-- Data provided follows --

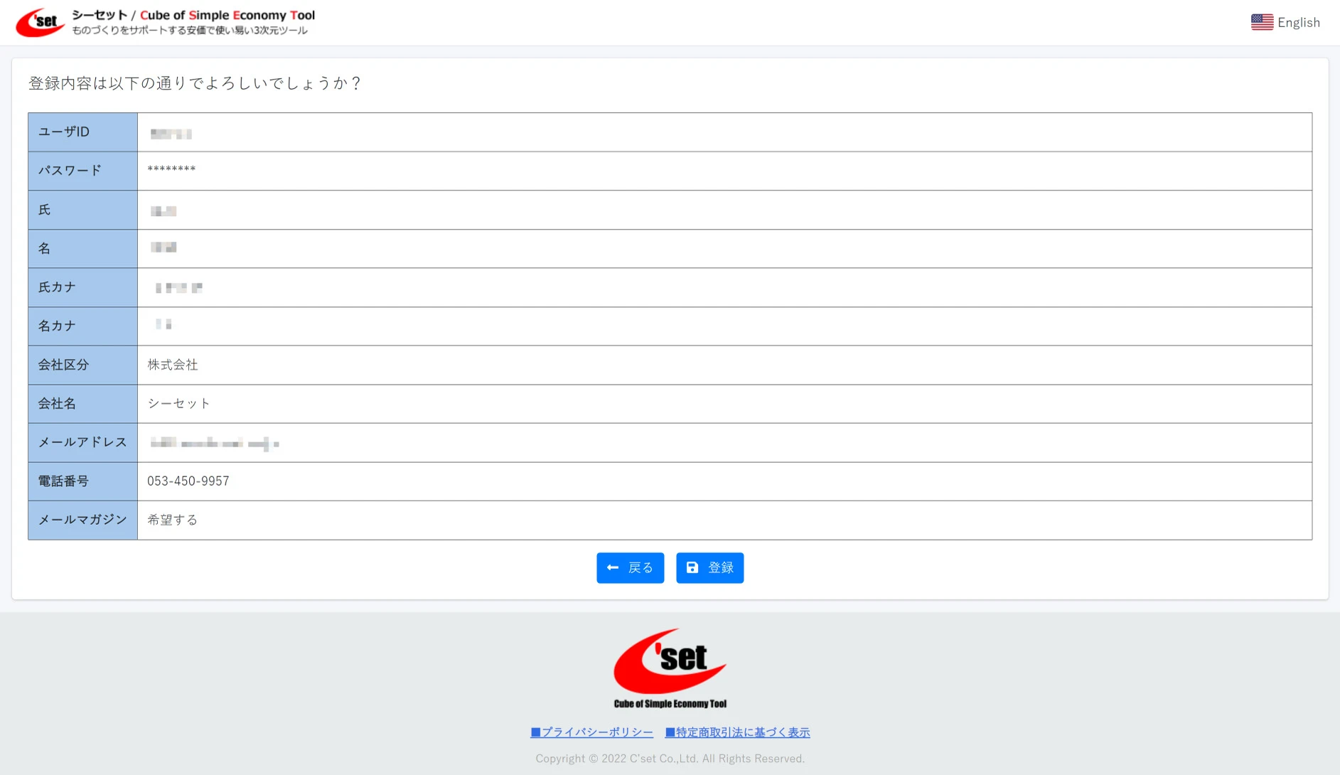 登録内容を確認して[登録]ボタンをクリックします。
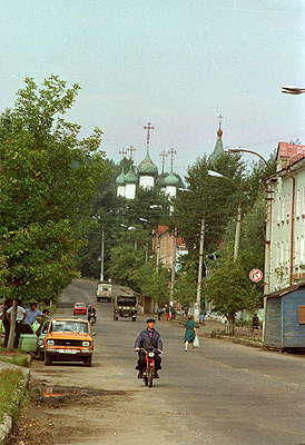 На одной из улиц города Вязники. На заднем плане: Казанский собор.
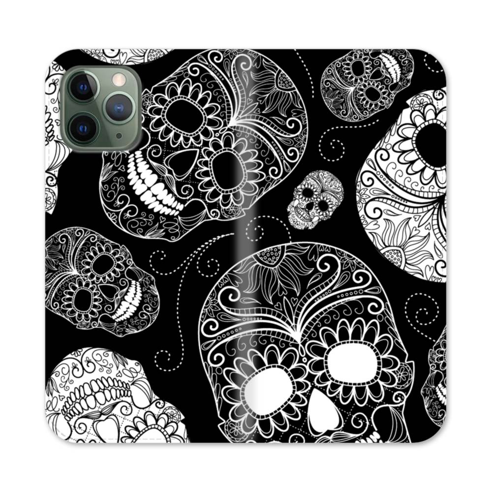 白黒系民族風・頭蓋骨 iPhone 11 Pro Max 手帳型ケース

-- Data provided concluded --

Everything in the listing above, apart from its pictures, must be repeated exactly.

 登録内容を確認して[登録]ボタンをクリックします。
 На одной из улиц города Вязники. На заднем плане: Казанский собор.
 白黒系民族風・頭蓋骨 iPhone 11 Pro Max 手帳型ケース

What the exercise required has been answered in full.